When a tenant negotiates a lease with a landlord because the location has significant foot traffic, like a mall, then the amount of foot traffic bears significantly upon the negotiation. In high foot traffic areas like Cherry Creek Mall or the 16th Street Mall, tenants want to place responsibilities on the landlord in the event that foot traffic decreases. Operators of such malls are able to woo tenants and charge high rents because of foot traffic volume. Tenants want to keep it that way. When negotiating a lease in such areas, a tenant should demand a clause that targets foot traffic. That is to say, a tenant can demand that the mall have an overall vacancy threshold. If the mall’s vacancy falls below the threshold, the tenant will have remedies. Depending on the circumstances and the negotiation, the tenant can demand the ability to break the lease. Another prophylactic remedy is to tie rent payments to vacancy rates. For instance, a tenant can create a 75% threshold wherein any vacancies below 75% allows the tenant to reduce rent payments by 25%. This is justified because the tenant wants to be in the mall because of the high foot traffic. Similarly, a tenant can negotiate a clause with respect to anchor store vacancies. Anchor stores drive significant foot traffic from which other stores in the mall benefit. If the anchor stores go, then the mall takes a hit. For example, a tenant might be able to break the lease or reduce the rent if two or more of the anchor stores vacate the premises.

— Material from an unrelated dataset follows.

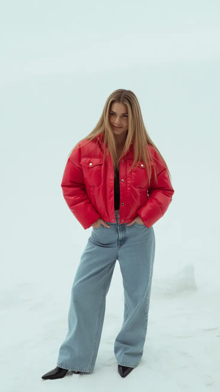 Somewhere along the road, we agreed that winter means mountains of gray and nothing else. But we’ve got a droppable rebuttal loud enough to melt the tundra: a cherry-red cropped puffer that struts with its own heat. It does the warming and the wow-ing in one go, making neutral talkers rethink their entire closet. Wide-leg jeans and a quick slip of pointed black boots underneath seal the deal, proving classy can own the fast lane, too.
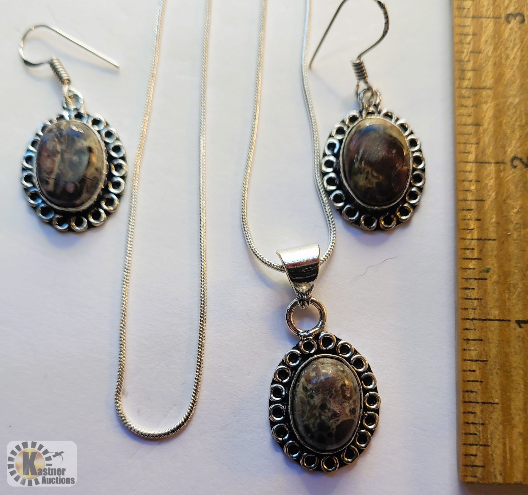 DROP EARRINGS & MATCHING PENDANT ON 20" SNAKE CHAIN, ALL PIECES ARE STAMPED 925 SILVER PLATE. JEWELLERY

Another negotiating option is tying rent payments to the performance of the tenant’s business. The parties can negotiate a base rental price that is relatively low and then create a formula wherein the tenant pays the landlord a percentage of earnings that are above a certain point. That point is known as the breakpoint. If the tenant’s sales do not reach the breakpoint, then there is no payment above the base rent.
A breakpoint can be either artificial or natural. An artificial breakpoint is when both parties agree on a number to be the breakpoint, whereas a natural breakpoint is based on a formula wherein the breakpoint is calculated based on how the parties agreed to the base rent payments.
When negotiating a breakpoint, a landlord will insist on the ability to audit the tenant’s sales to determine whether the tenant is being honest about its sales above the breakpoint. In such an instance, the tenant should insist on a defined timeframe as to when the landlord is allowed to audit the tenant’s books.